Girl With Music
I want a girl with music. Not a someone with a soundtrack, but a woman who takes her music personally, just as it was always meant to be. I can see the songs in her life, the different girls she is.
Sometimes she lies on the bed and listens to Belle and Sebastian. She stares out the window at the mist over the sun; she wears tights with polka-dots on them and thick-rimmed black glasses. She probably has the album on vinyl. She’s not exactly shy but her way is slightly sideways, something reserved and hesitant about the girl who’s always sees everything a little bit different. Belle and Sebastian makes her feel sad and happy at the same time when she’s alone with them. They tell her secrets.

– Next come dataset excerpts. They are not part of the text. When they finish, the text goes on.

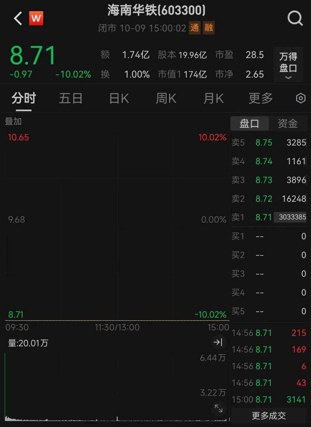 戰戰兢兢熬過了長假,10月9日開盤,海南華鐵股價“一字”跌停,截至收盤,賣一位置仍有26.42億元賣單正在排隊。
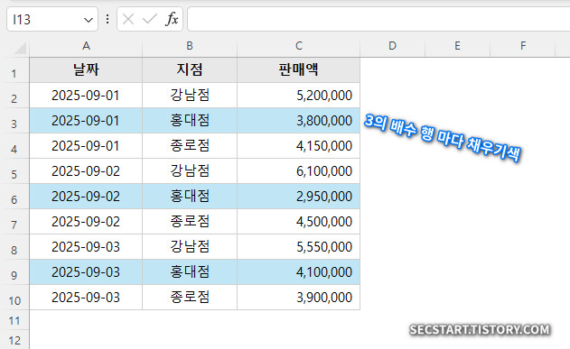 예제 3: 3번째 행마다 배경색 넣기 (고급: 조건부 서식 활용)
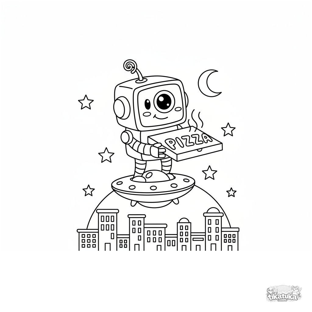 Página para colorear para niños de 4-6 años: un robot repartidor amigable se balancea en un platillo volador llevando una pizza sobre la ciudad.
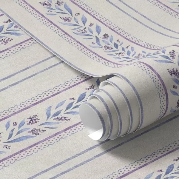 Tapete Vertikale Streifen mit Lavendelgirlanden, beiger Hintergrund Nr. a00813v1

But sometimes she’s on stage with torn fishnets. The Yeah Yeah Yeahs are playing and she’s dancing in the living room at 9:00PM on a Saturday night, waiting for her posse to arrive. They’re drunk already and loud, probably British, stepping into her apartment supporting one another and screaming over the tops of their cleavage. That’s the night out to come, a rage, a raw euphoria blind and sloppy. It’s screaming sex when you just don’t care anymore what the neighbors hear. If there’s a cost for this much life, so be it, but dear god she’ll think about it tomorrow; and the fishnets will never be mended because that’s the girl she is.
Other nights she listens to Massive Attack. This one’s too tall and precise to be ignored. This one has taste. She understands perfume. She’s not hot, she’s sexy. The colors of her apartment all match – she designed it herself – and every accessory is just right. She probably has perfect breasts and she definitely has perfect speech, except when she snorts and spills wine onto her cream silk blouse. That’s why you love her, for the sparks of joy that flaw her elegance; and as she tears up the driveway in her one vice – christ, that’s a slick car – you suddenly see the claws implied by that chewed-up bassline.

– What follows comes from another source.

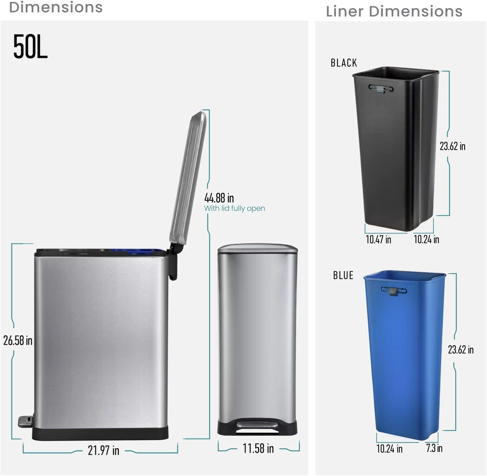 Store New Arrivals Add to Favorite View Feedback Contact 13 Gallon Kitchen Trash Can, Dual Removable Liners for Recycling and Trash, 50 Liter Slim Stainless Steel Shape (8 + 5 for 13 Gallons Total) Description Item model number VA41833A Capacity 13 Gallons Number of pieces 1 Country of Origin China With Lid Yes Unit Count 1 Count Room Type Office, Kitchen Batteries required No Material Stainless Steel Pattern Name 50L Trash Can Finish Type Brushed Included Components Kitchen Trash Can, 8 Gallon Liner, 5 Gallon Liner Item Weight 16.5 pounds Opening Mechanism Step-On Special Feature Slim Shape, Dual Compartment, Compatible with Liner Codes 20R and 30R, Slow Close Lid Color 13 Gal Brushed Silver Global Trade Identification Number 00889526300647 Shape Rectangular Recommended Uses For Product Recycling, Trash Finish types Brushed Product Dimensions 22.09"L x 11.61"W x 26.61"H Size 13 Gallon Dual Compartments: Simplify your recycling process with separate bins for waste and recyclables; managing household waste has never been easier for you Space-Saving Design: Its slim profile fits easily in tight corners; making it ideal for any room at home, even those with limited space Easy Bag Changes: Install your trash bags quickly and easily with the included rubber band on the removable inner buckets; helping prevent spills and overflow when you are taking out the trash Quiet and Convenient: The smooth, quiet operation of the foot pedal and the soft-close lid create a peaceful environment in your home Custom Fit Trash Bags Available: Compatible with our Liner Codes 20R and 30R; offering a seamless fit for your trash bags Hands-Free Operation: The foot pedal allows for easy and hands-free waste disposal, even when your hands are full Enjoy Peace of Mind: Our commitment to your well-being extends beyond the product itself. Should you have any questions or require assistance, our dedicated support team in the USA is readily available to assist you via our website or social media platforms Product Description What are the benefits of having dual compartments? Dual compartments simplify recycling by providing separate bins for waste and recyclables, making household waste disposal easier Is this trash can suitable for small spaces? Yes, its slim profile and space-saving design fit easily in tight areas, making it ideal for placements in between cabinets, against the wall or kitchen island. How easy is it to change the trash bags? You'll love how easy it is to change the bags. The included rubber band keeps everything in place, so no more messes to clean up. Is the trash can noisy? No, the trash can is designed to be quiet. The foot pedal is smooth and the lid closes softly, so it won't disturb you. What type of trash bags should I use with this trash can? It is compatible with Liner Codes 20R and 30R, offering a seamless fit. ABOUT US We offer the best prices around on high quality products. Our E-store includes media such as books, movies, music and games while offering electronics, toys, sporting apparel, clothing, tools, general home, garden items and more. SHIPPING We are always working hard to ensure your package arrives as soon as possible. Please understand that some factors like weather, high postal traffic, and the performance of shipping companies are outside of our control. We offer free shipping to the lower 48 states and ship within 2 business days of payment, usually sooner. We do not accept P.O. Boxes. Please provide a physical address. For shipping outside of the continental USA, we only use eBay's Global Shipping Program.The item is shipped to KY and then sent to the rest of the world. International customers are responsible for all duties and taxes. Continue to check out in order to calculate costs for shipping the item to your country. Messages regarding eBay's Global Shipping Program MUST be directed at eBay EXCLUSIVELY. RETURNS We offer a 30-Day Return Policy on items which you are not completely satisfied with. You have the option for a full-refund or an exchange of the item. No returns are available on items shipped outside of the USA. PAYMENT We accept PayPal. CONTACT US This page content is yet to come Please ad us to your favorite seller and visit again later Thank You CUSTOMER SATISFACTION We try our very best to make sure every customer is completely satisfied. If there's a problem, message us! We're happy to help. WE ACCEPT Copyright © 2021 AutoDS. | All Rights Reserved

Then there was the day you found her 17 years old in the sunshine and listening to Led Zeppelin. Zep is immortal. Page and Plant will be with us forever, they will exist in every generation as long as some beautiful child has hips that want to move. She’s got long red hair and you yourself are too young to appreciate the youth of her innocent face, but you see her there, eyes closed, just moving to that beat. It’s old. Page wails and Plant whines and the emotion gets her, but it’s the throb that makes her dance, makes her move, just move, for no one but herself; and you smile to know that it’s really in her, that rock and roll could never be just a show.
And she’s the soprano who makes grown men weep for her on that big Italian stage. And she’s freaking out to some other Miles Davis, yelling go! go! go! with no less passion than Kerouac. And she’s lounging on that grand piano with dark eyes and promises. It’s in her, it’s through her and—
hold on—
She’s looking at me. She just put something on that I’ve never heard before.